In her book, When Things Fall Apart, Chodron writes:
“Under the hardness of armor there is the tenderness of genuine sadness. This is our link with all those who have ever loved. This genuine heart of sadness can teach us great compassion. It awakens us when we prefer to sleep and pierces through our indifference. This continual ache of the heart is a blessing that when accepted fully can be shared with all.”
I’ve begun to explore my ache through the ache of others. I am drawn by the subject of what it means to be a woman living in the aftermath of sexual violence. How does the body survive? How does the body heal from trauma?
In a refugee camp in southwestern Uganda, working as a researcher, I listen to the stories of Congolese women who were displaced by the continued conflict in Eastern DRC. Many of the women were violently assaulted and raped. Some of them were forced to watch rebels and soldiers kill their husbands, rape their daughters, apprehend their sons, and burn their parents alive. I wonder how they manage to feel human again, to go about their routines, to relate to others and fall asleep when the sun plunges beneath the surface of the earth, when they are left to contemplate the dark. “I’ll never go back to Congo,” they all say.
“Trauma is like a snakebite,” says a Ugandan woman I meet in the camp. She is a social worker who organizes monthly healing groups for men and women.

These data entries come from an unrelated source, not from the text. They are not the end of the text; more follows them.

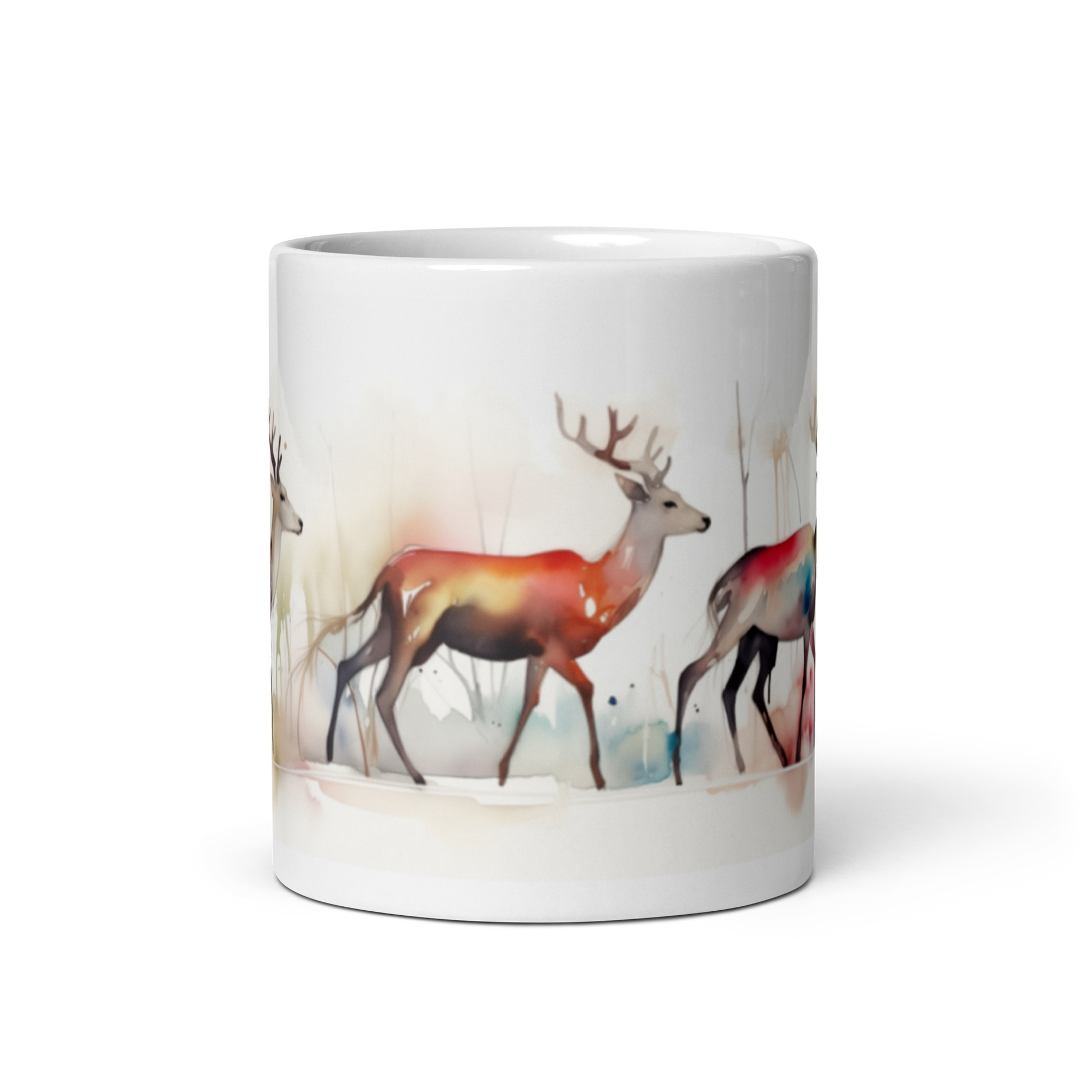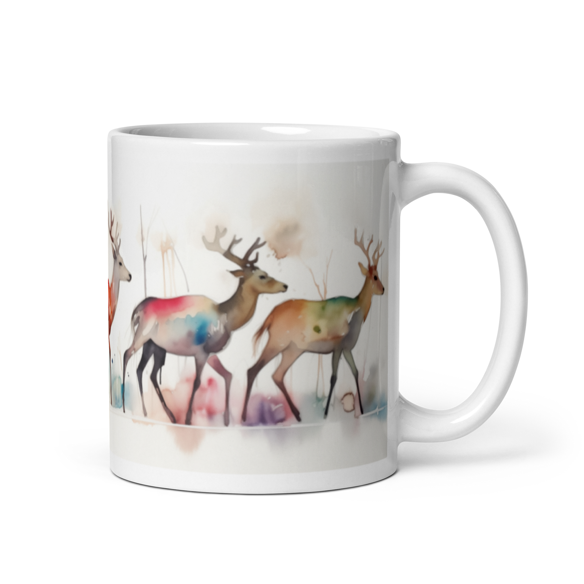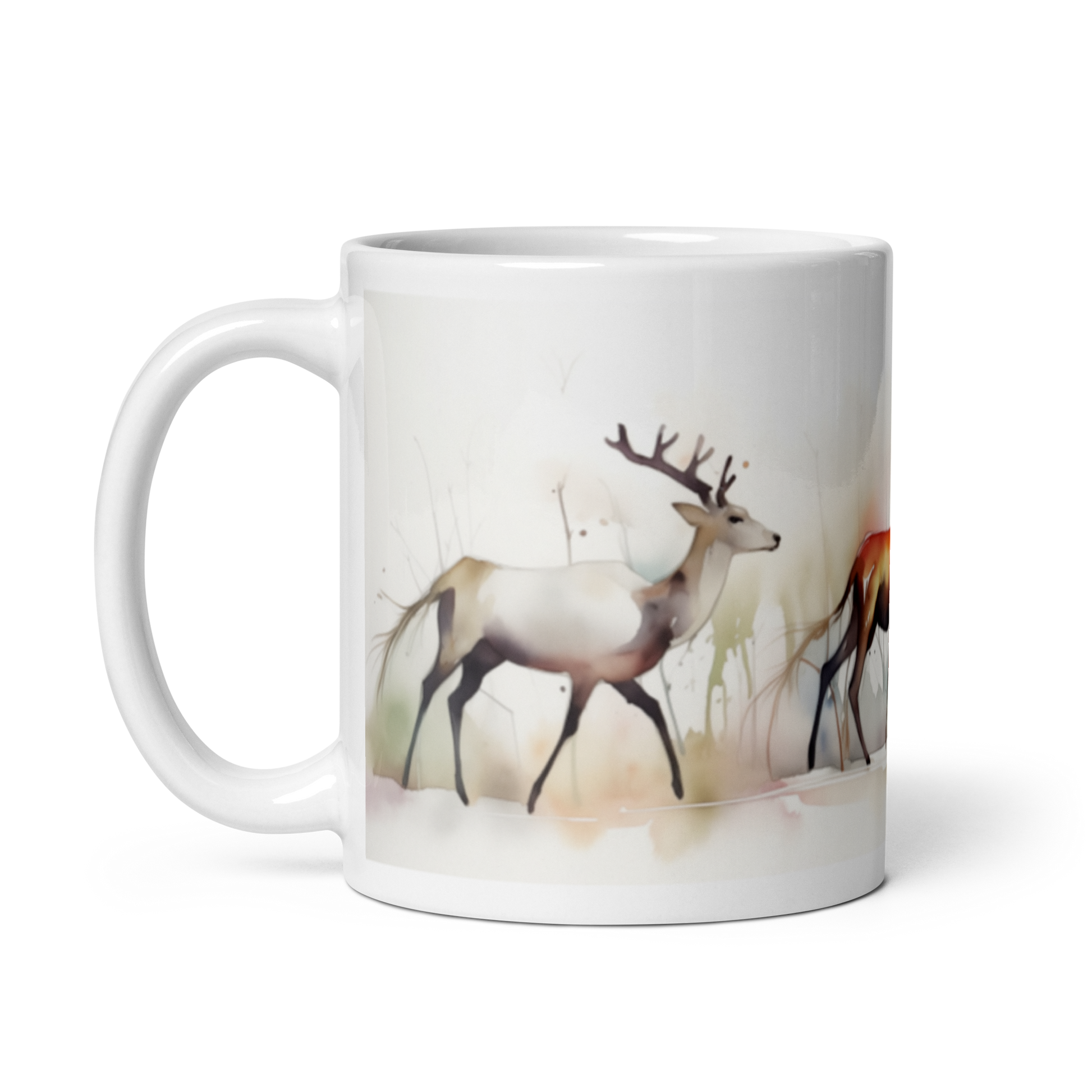 This glossy white mug features a scenic watercolour painting of reindeer wrapped around the side.
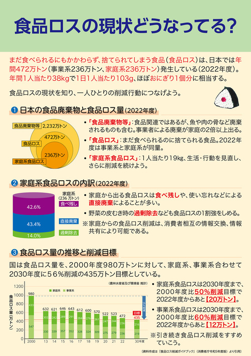 ・毎年10月は「食品ロス削減月間」、10月30日は「食品ロス削減の日」と定められています。
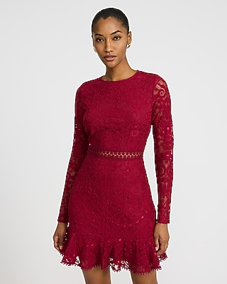 An ornate lace fabric makes this mini dress a style standout. It features a crew neck with sheer long sleeves, a sheer waist detail, and a ruffle hem. Plus, this style boasts a tie back closure with a partially open back.
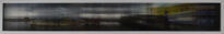 Fotografia analógica em cores apresentada no modo horizontal, possui captação de imagem em movimento com o cenário da Pedra do Peixe, em Belém-PA, tendo à esquerda da imagem um barco ancorado e à direita uma figura humana masculina em pé e um ônibus azul passando
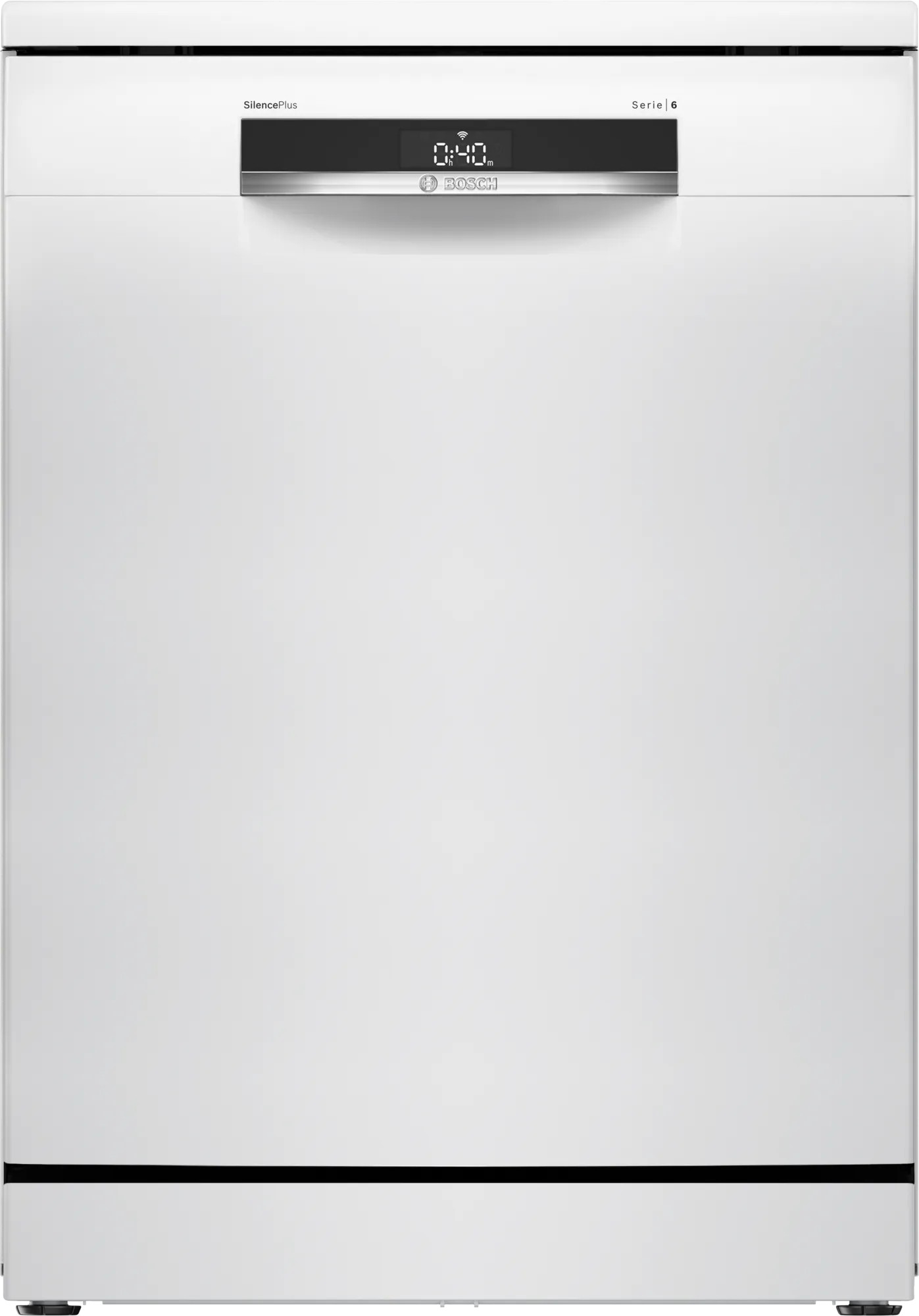Lavavajillas Bosch SMS6ECW15E, A, Libre instalación, 84,5x60 cm, 14 servicios, HC, Blanco, 9,0 l, 42 dB, Display frontal y sup. c/ teclas, Secado Eficiente, Z. ExtraClean, 6 progr. (Eco/Auto/Int./ráp. 60°C/Silen./Fav.), 5 opc. (Ex.Secado/½carga/SpeedP.+
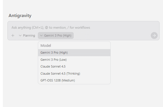 モデルはデフォルトでは以下が選択可能。Gemini3.0 ProのHighとLow、そしてSonnet等が選べます。
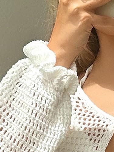 • Feature: 3D Flower Decor, Hollow Out, Crew Neck, Tie Front, Long Sleeve, Ruffle Hem, Mini Short Length, Swimwear Cover Ups for Women
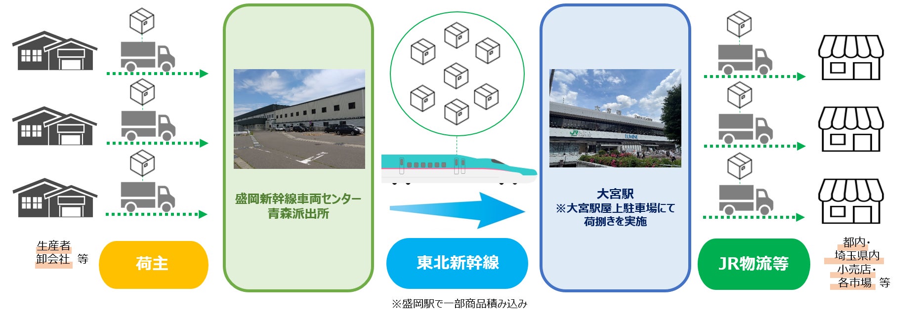 | 〇東日本旅客鉄道株式会社(以下、「JR東日本」)と株式会社ジェイアール東日本物流(以下、「JR物流」)は、新幹線を活用した高速・多量荷物輸送により、「物流の2024年問題」や「CO2排出量削減」、「地方創生」等、社会的課題の解決を目的に列車荷物輸送サービス「はこビュン」による多量輸送のトライアルを実施します。 〇今回初めての取り組みとして、青森県にある新幹線車両基地(盛岡新幹線車両センター青森派出所)から荷物の積み込みを行い、加えて、AGV(無人搬送車)や客室輸送専用台車等も使用し、今後の実用化に向けた課題の抽出を行います。 〇本輸送では、「はこビュン」のサービス開始以来、最大規模の荷量を新幹線3両を使用して積み込みを行います。今後は新幹線による多量輸送の定期化により、地方の魅力を首都圏の巨大マーケットと繋ぐことで新たな価値を創造できるよう、トライアルを継続的に実施していきます。 |
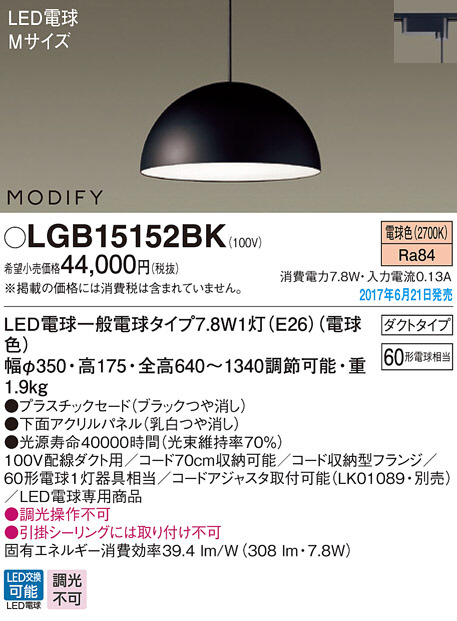 Panasonic LED ¥Ú¥ó¥À¥ó¥È¥é¥¤¥È LGB15152BK
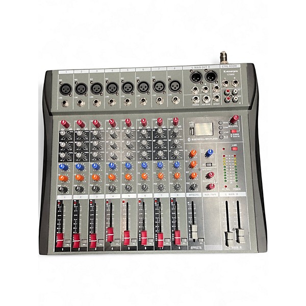 Used K-mixerpro CT80S Unpowered Mixer in good condition, perfect for live sound or studio setups. Features 8 input channels with XLR and 1/4" line options, 3-band EQ per channel, auxiliary send, and balanced main outputs. Rugged construction ensures reliability, while intuitive controls make operation easy for beginners and pros alike. Delivers clean sound and flexible routing in a compact design, ideal for small venues, rehearsals, or podcasting on a budget.

“The snake bites you and leaves the venom running through your body. You cannot kill the snake to take away your pain. Even if you kill the snake, you will live with your suffering. So you must learn how to live again.”
Every season, the Congolese women dig and drop maize and bean and groundnuts into the soil. They grow their crops and raise their children on these refugee lands, the marginal lands left uninhabited. It is the worst place in Uganda to be a farmer, but still, they break open the earth and plant their seeds. With luck, there will be rain.
“Work is the best medicine,” says Hannah. She is thirty-two years old. She’s lost her parents and her two sons in the war. They were ten and eleven years old.
Hannah keeps a small garden behind her house. She grows bananas and cabbages and climbing beans. She’s dug a shallow pond where several ducks float.
“It saves us from being idle. And idleness is fertile soil for sadness.”
The women I meet gather every Sunday at church to sing and pray and mourn the ghosts of their former lives. They throw their arms around one another. They weep and smile through tears. They beat empty jerry cans, making a rhythm. Their bodies haven’t forgotten how to dance.
Hannah’s words never leave me.
In the fields of my own labor, I’m writing again. I’m learning how to pray for rain. I’m beginning to accept that the body remembers and that I am not who and what I was before. I cannot write the trauma out of me, but I can try to grow something from it.